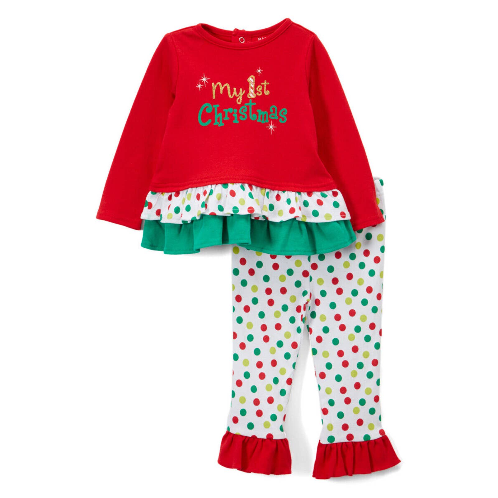 BABY ESSENTIALS Girl's My First Christmas Tunic Polka Dot Legging Set, Red
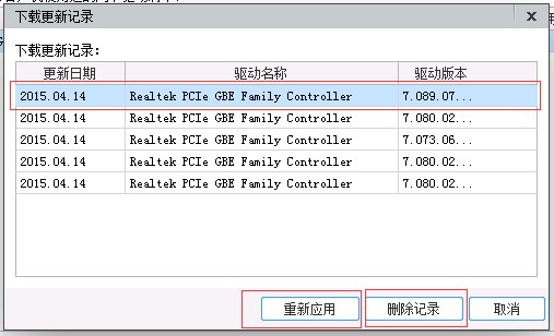 2. 在“下载更新记录”选择需要操作 的更新记录,点击按钮来重新应用或删除记录,如下图所示:
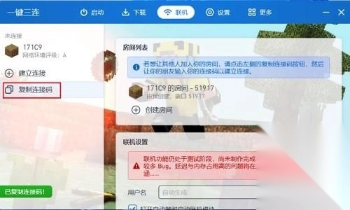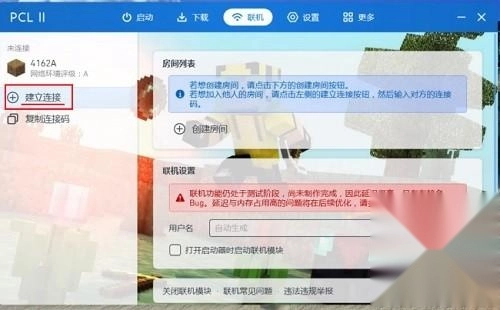 打开PCL2启动器,点击顶部的联机频道,然后点击左侧的【建立连接】按钮。
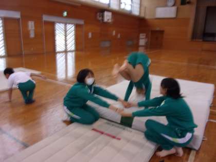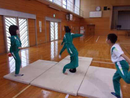 「もう少し低くして」「ここはぴたっと止まろう」などと、声を掛けながら動きを組み立てました。これまで練習してきた個人技がうまく生かせるようがんばっています。
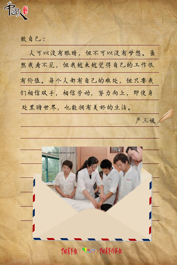 1989年,19岁的严三媛患上继发性青光眼后双目失明,从此坠入黑暗世界。短暂消沉后,她走上学习中医推拿的道路,逐渐小有名气。为了帮助更多盲人融入社会,2000年,严三媛创办江苏省无锡市第一家盲人推拿按摩院,7年后,又创办无锡好轻松盲人推拿按摩有限公司。多年来,公司累计安置千余名盲人就业,帮扶50多名盲人成功创业,向社会爱心捐款60余万元。2019年5月16日,严三媛被授予“全国自强模范”称号,代表全国8600万残疾人在人民大会堂发言,讲述自己的奋斗故事。
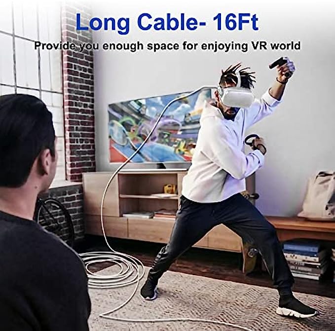 • 【Cord for PC to Connect Meta/Oculus Quest 】BSTKEECL high quality long VR cables design length up to 16FT(5m),which making you connect the headset and play computer games easily ,and having an immersive gaming experience .Thus you must not be worry about the dragging the limited cable.
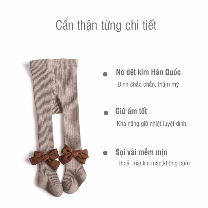 – Quần tất cạp cao, hạn chế gió lùa làm lạnh bụng bé. Cạp quần lưng thun mịn màng, co giãn vữa phải, không gây hằn in vệt đỏ lên da gây tổn thương, làm bé khó chịu khi vận động.
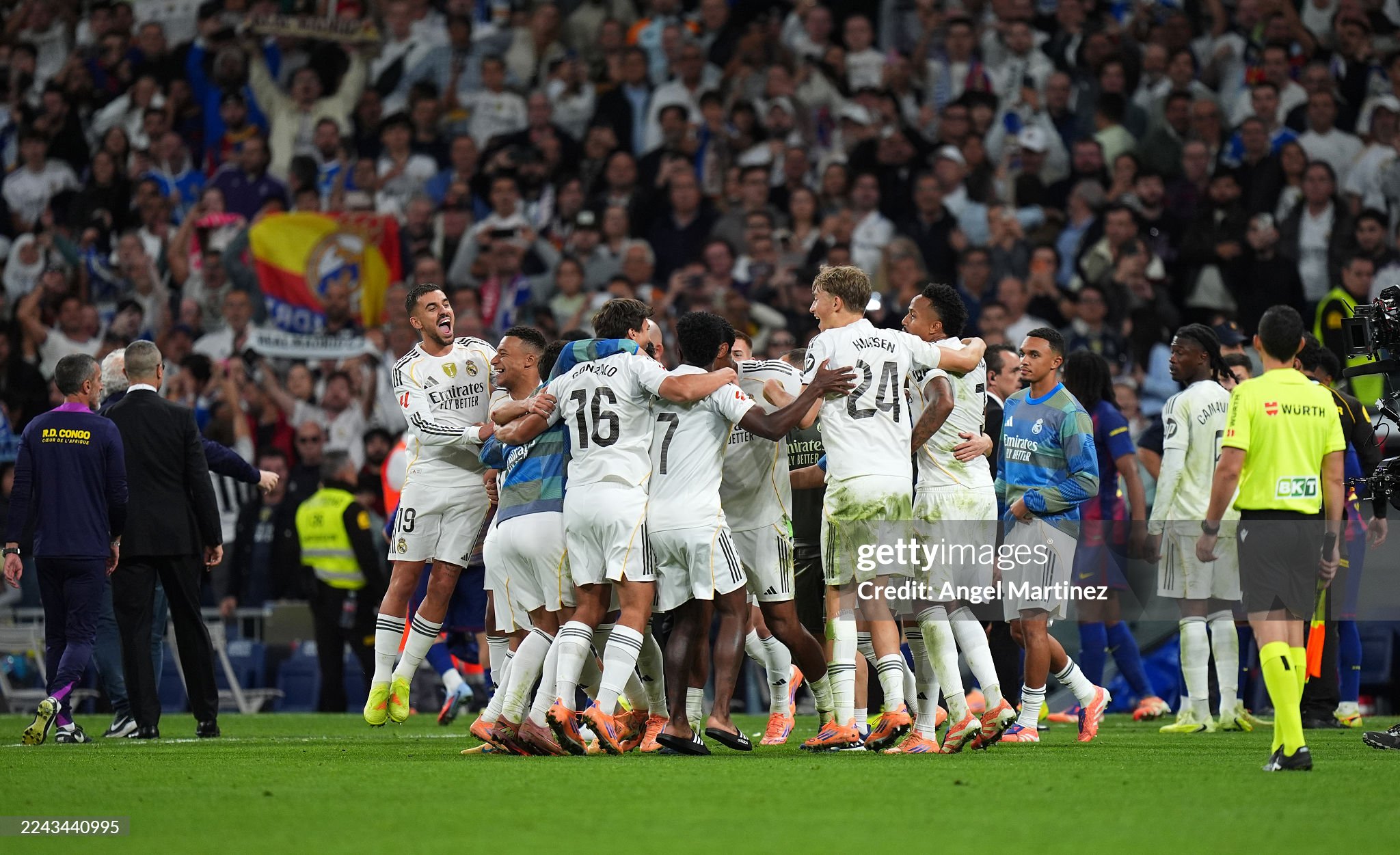 Players of Real Madrid celebrate after defeating FC Barcelona during the LaLiga EA Sports match between Real Madrid CF and FC Barcelona (Photo by Angel Martinez/Getty Images)
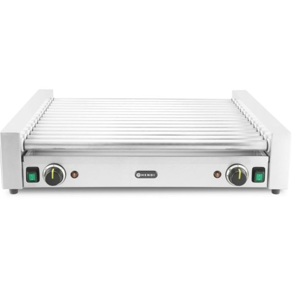 Podgrzewacz rolkowy do parówek XL dwustrefowy HENDI ma obudowę i rolki wykonane z wytrzymałej stali nierdzewnej. Szybko się nagrzewa i utrzymuje stałą temperaturę dzięki szybkiemu odzyskowi ciepła. Dwa niezależnie regulowane pola grzewcze pozwalają jednocześnie przygotowywać różne rodzaje kiełbasek lub innych produktów spożywczych w optymalnych temperaturach. Grill posiada 14 rolek o długości 65 cm, co zapewnia elastyczność podczas intensywnej pracy Wyjmowana tacka ociekowa ułatwia codzienne czyszczenie.
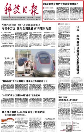 12月25日,《科技日报》头版报眼“最新发现与创新”栏目刊发题为“我科学家率先敲开第三代宫颈癌疫苗研制大门”的消息,报道我校金沙集团1862cc成色夏宁邵教授课题组在第三代宫颈癌疫苗研制方面的最新成果。
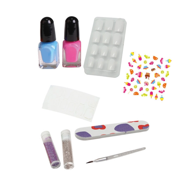 Tapk manikiūrininke su šiuo išskirtiniu nagų rinkiniu ir susikurk originalius blizgančius nagus su saldumynų motyvais. Puikus užsiėmimas visoms kūrybingoms sieloms, kurios mėgsta stilių ir spalvas.
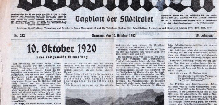 Es wäre dem Land viel Leid erspart geblieben, wenn Südtirol so wie Kärnten am 10. Oktober 1920 in einer freien Volksabstimmung sein Schicksal selbst hätte entscheiden können, so der SHB.
========
* _TASK REQUIREMENTS_: Print exactly the lines from the first line of the records above through the line containing "Players of Real", leaving out the pictures.

* _ANSWER SPACE_:
 BABY ESSENTIALS Girl's My First Christmas Tunic Polka Dot Legging Set, Red
 2. 在“下载更新记录”选择需要操作 的更新记录,点击按钮来重新应用或删除记录,如下图所示:
 打开PCL2启动器,点击顶部的联机频道,然后点击左侧的【建立连接】按钮。
 「もう少し低くして」「ここはぴたっと止まろう」などと、声を掛けながら動きを組み立てました。これまで練習してきた個人技がうまく生かせるようがんばっています。
 1989年,19岁的严三媛患上继发性青光眼后双目失明,从此坠入黑暗世界。短暂消沉后,她走上学习中医推拿的道路,逐渐小有名气。为了帮助更多盲人融入社会,2000年,严三媛创办江苏省无锡市第一家盲人推拿按摩院,7年后,又创办无锡好轻松盲人推拿按摩有限公司。多年来,公司累计安置千余名盲人就业,帮扶50多名盲人成功创业,向社会爱心捐款60余万元。2019年5月16日,严三媛被授予“全国自强模范”称号,代表全国8600万残疾人在人民大会堂发言,讲述自己的奋斗故事。
 • 【Cord for PC to Connect Meta/Oculus Quest 】BSTKEECL high quality long VR cables design length up to 16FT(5m),which making you connect the headset and play computer games easily ,and having an immersive gaming experience .Thus you must not be worry about the dragging the limited cable.
 – Quần tất cạp cao, hạn chế gió lùa làm lạnh bụng bé. Cạp quần lưng thun mịn màng, co giãn vữa phải, không gây hằn in vệt đỏ lên da gây tổn thương, làm bé khó chịu khi vận động.
 Players of Real Madrid celebrate after defeating FC Barcelona during the LaLiga EA Sports match between Real Madrid CF and FC Barcelona (Photo by Angel Martinez/Getty Images)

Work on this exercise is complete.